INSTRUCTIONS FOR THE TASK
Pictures excluded, reproduce exactly the lines below from the one with "日语系09级及08级的同学们" through the one with "予想は毎日公開され、公開時間はレース当日の10時ごろ。", both included.
──────── INPUT RECORDS ────────
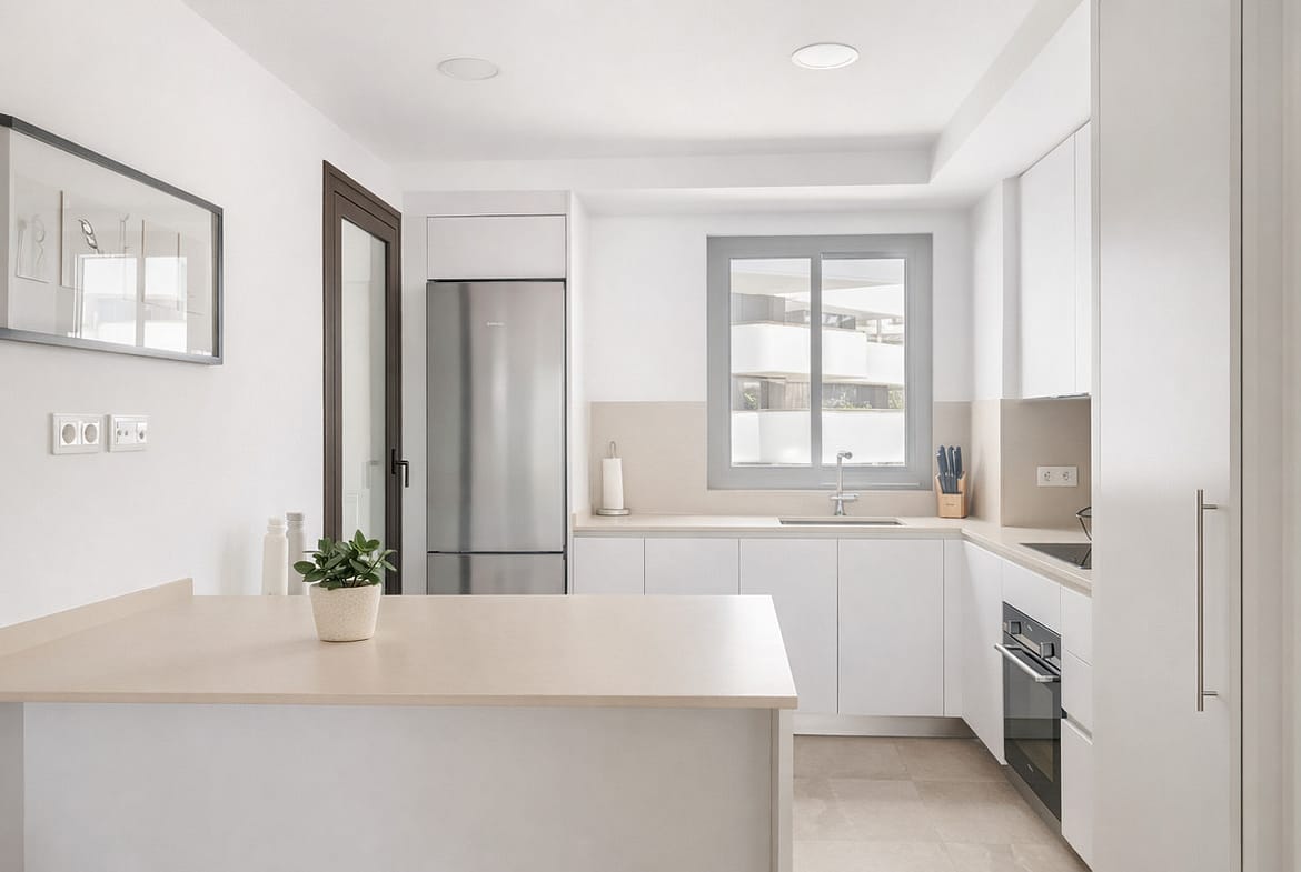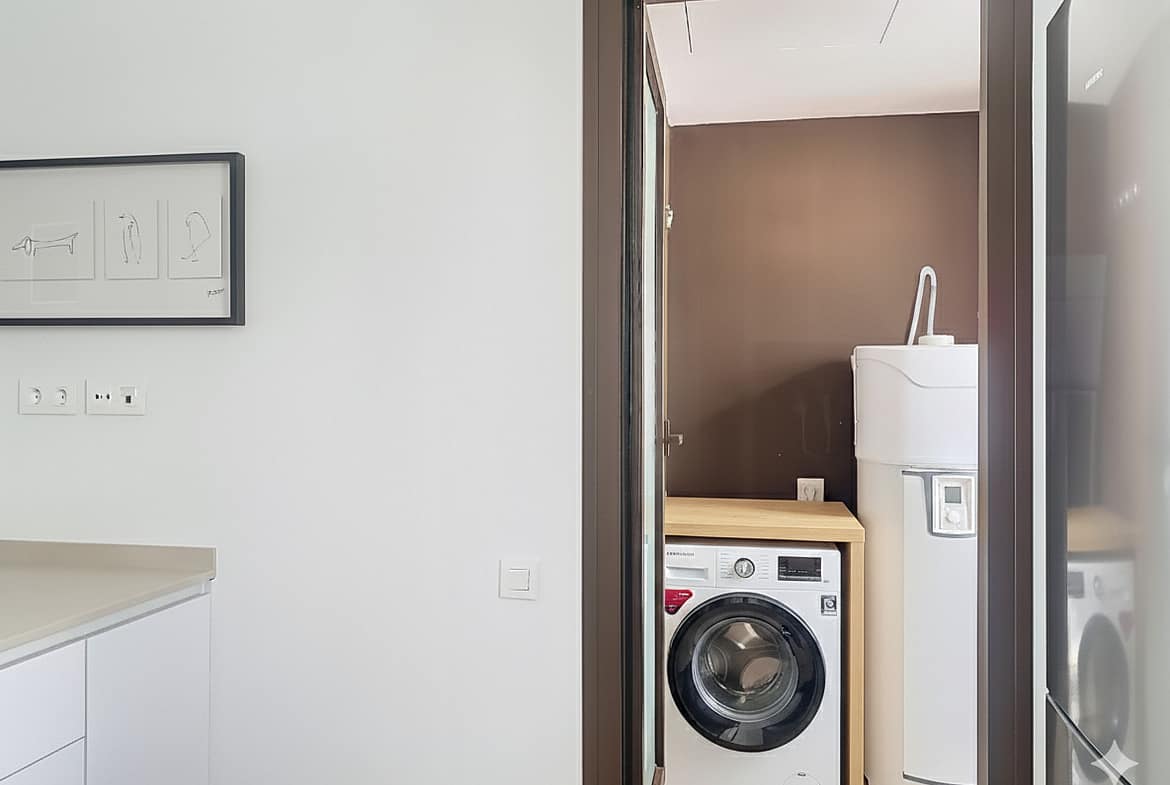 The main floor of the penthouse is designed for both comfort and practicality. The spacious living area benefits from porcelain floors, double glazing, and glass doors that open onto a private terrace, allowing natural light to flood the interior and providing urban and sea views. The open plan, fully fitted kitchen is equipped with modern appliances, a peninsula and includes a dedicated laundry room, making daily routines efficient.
────────
──────── INPUT RECORDS ────────
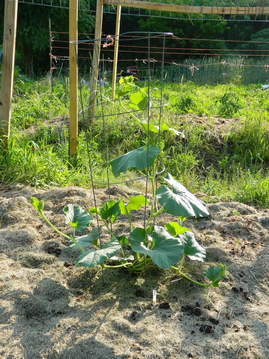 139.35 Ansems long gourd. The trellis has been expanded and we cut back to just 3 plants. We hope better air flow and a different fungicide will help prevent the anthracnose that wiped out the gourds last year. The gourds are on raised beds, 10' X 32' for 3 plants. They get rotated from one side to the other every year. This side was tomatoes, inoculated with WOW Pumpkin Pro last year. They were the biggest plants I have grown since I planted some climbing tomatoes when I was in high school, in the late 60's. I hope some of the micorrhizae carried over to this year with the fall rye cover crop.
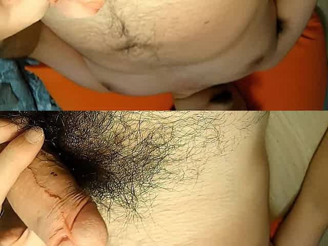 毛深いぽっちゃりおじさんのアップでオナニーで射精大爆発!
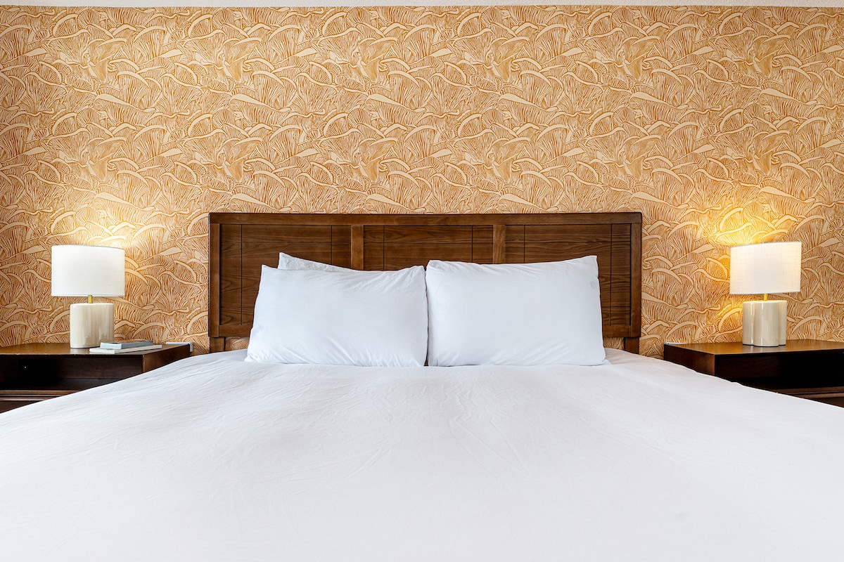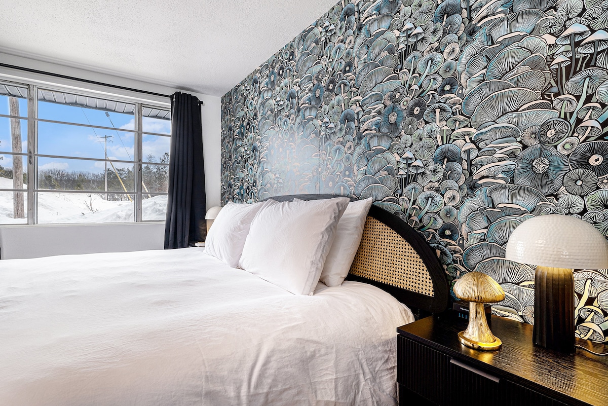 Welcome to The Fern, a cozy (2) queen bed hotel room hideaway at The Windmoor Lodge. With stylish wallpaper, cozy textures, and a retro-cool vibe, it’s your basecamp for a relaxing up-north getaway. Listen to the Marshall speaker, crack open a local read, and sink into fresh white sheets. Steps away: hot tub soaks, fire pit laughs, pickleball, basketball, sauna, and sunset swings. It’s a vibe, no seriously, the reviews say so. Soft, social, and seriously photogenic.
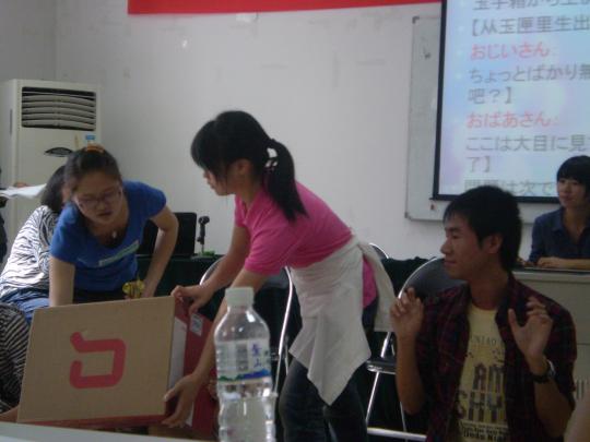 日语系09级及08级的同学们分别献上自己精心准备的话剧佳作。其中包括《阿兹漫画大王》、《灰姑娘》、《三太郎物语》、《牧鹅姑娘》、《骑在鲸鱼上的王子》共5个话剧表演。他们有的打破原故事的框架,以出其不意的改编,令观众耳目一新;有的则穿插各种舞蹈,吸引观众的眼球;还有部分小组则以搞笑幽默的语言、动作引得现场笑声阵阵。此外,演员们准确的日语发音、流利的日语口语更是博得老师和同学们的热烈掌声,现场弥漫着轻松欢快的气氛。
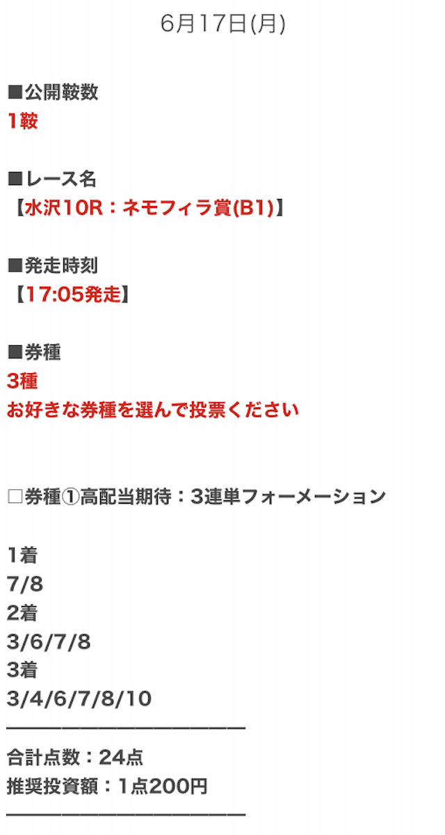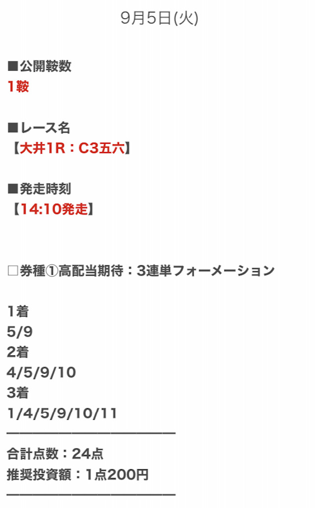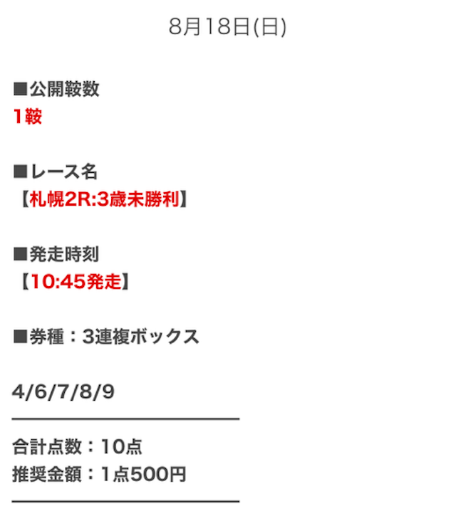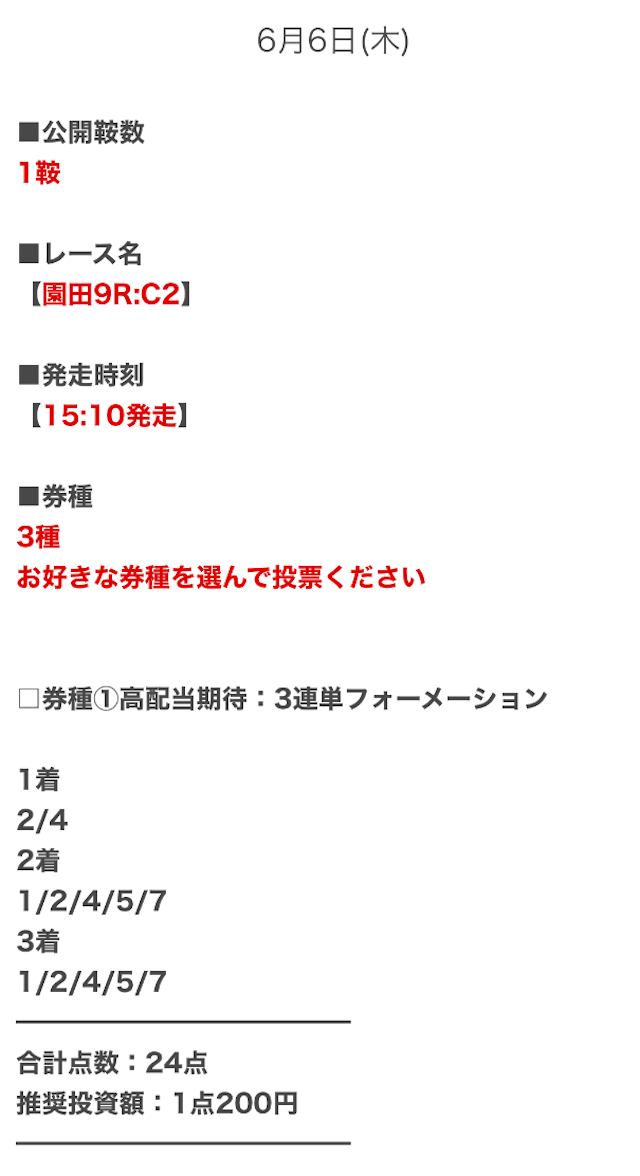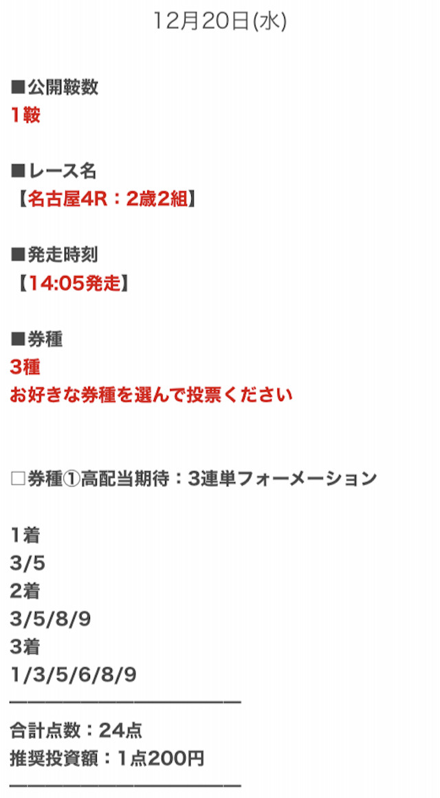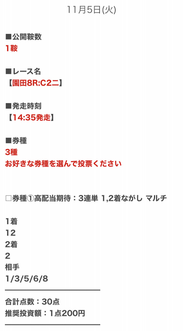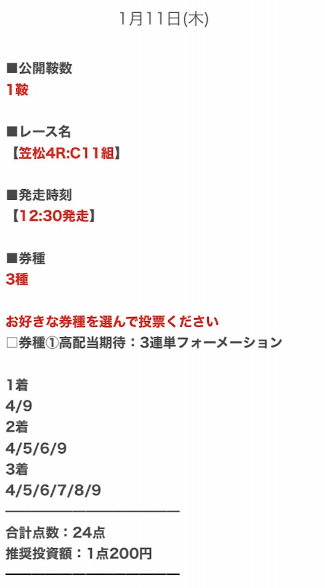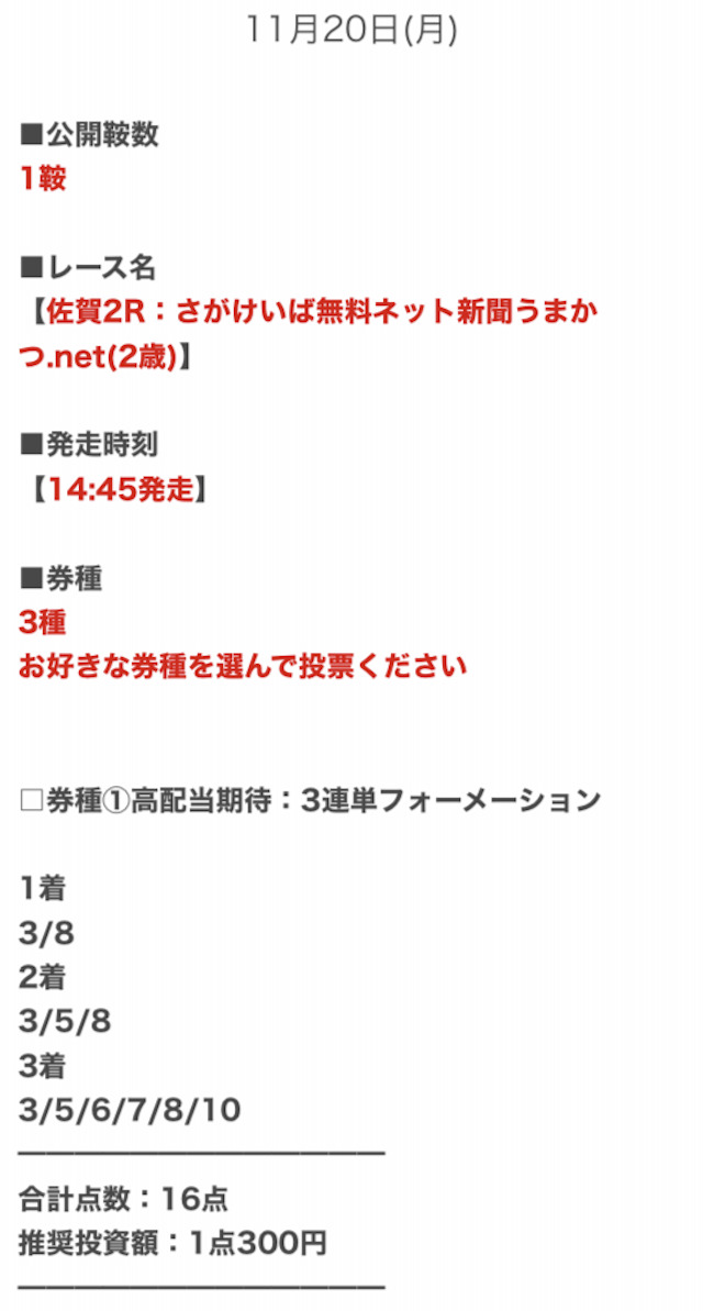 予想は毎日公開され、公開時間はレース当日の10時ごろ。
────────
EXERCISE ANSWER
 日语系09级及08级的同学们分别献上自己精心准备的话剧佳作。其中包括《阿兹漫画大王》、《灰姑娘》、《三太郎物语》、《牧鹅姑娘》、《骑在鲸鱼上的王子》共5个话剧表演。他们有的打破原故事的框架,以出其不意的改编,令观众耳目一新;有的则穿插各种舞蹈,吸引观众的眼球;还有部分小组则以搞笑幽默的语言、动作引得现场笑声阵阵。此外,演员们准确的日语发音、流利的日语口语更是博得老师和同学们的热烈掌声,现场弥漫着轻松欢快的气氛。
 予想は毎日公開され、公開時間はレース当日の10時ごろ。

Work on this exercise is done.